Par Christine Coste · L'ŒIL

Le 23 juin 2014 - 1760 mots

La puissante famille suisse, héritière
de l’entreprise pharmaceutique F. Hoffmann-La Roche, est installée depuis plusieurs générations dans l’antique cité d’Arles qu’elle ambitionne de transformer en capitale mondiale des arts. Une capitale qui sait déjà compter sur un festival de photographie international et des musées de référence.
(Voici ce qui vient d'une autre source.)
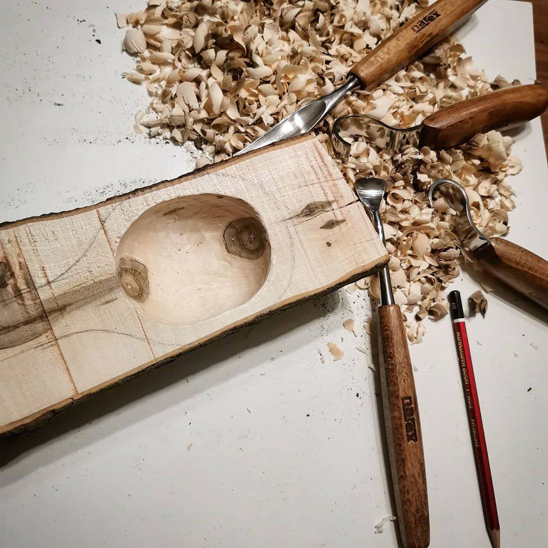 Первоначально на поверхность заготовки из липы переносим контуры дуги

Cet été arlésien devrait être plus paisible pour Maja Hoffmann, silhouette discrète et familière des lieux. La Fondation Van Gogh, créée par son père Luc Hoffmann et dont elle préside la direction artistique, a ouvert ses portes le 5 avril dernier. Les incertitudes quant à l’implantation au parc des anciens ateliers SNCF de la fondation Luma qu’elle a créée il y a dix ans à Zurich se sont levées les unes après les autres. Après avoir rejeté en 2011 le premier projet de tour olympienne hérissée d’acier de l’architecte canadien Frank Gehry, la Commission nationale des monuments historiques a avalisé la seconde mouture tandis que le Conseil régional cédait cet hiver à l’héritière de l’entreprise pharmaceutique Hoffmann-La Roche les onze hectares du parc des ateliers et ses bâtiments, levant ainsi le dernier obstacle à la création de son projet de vaste campus culturel et artistique interdisciplinaire.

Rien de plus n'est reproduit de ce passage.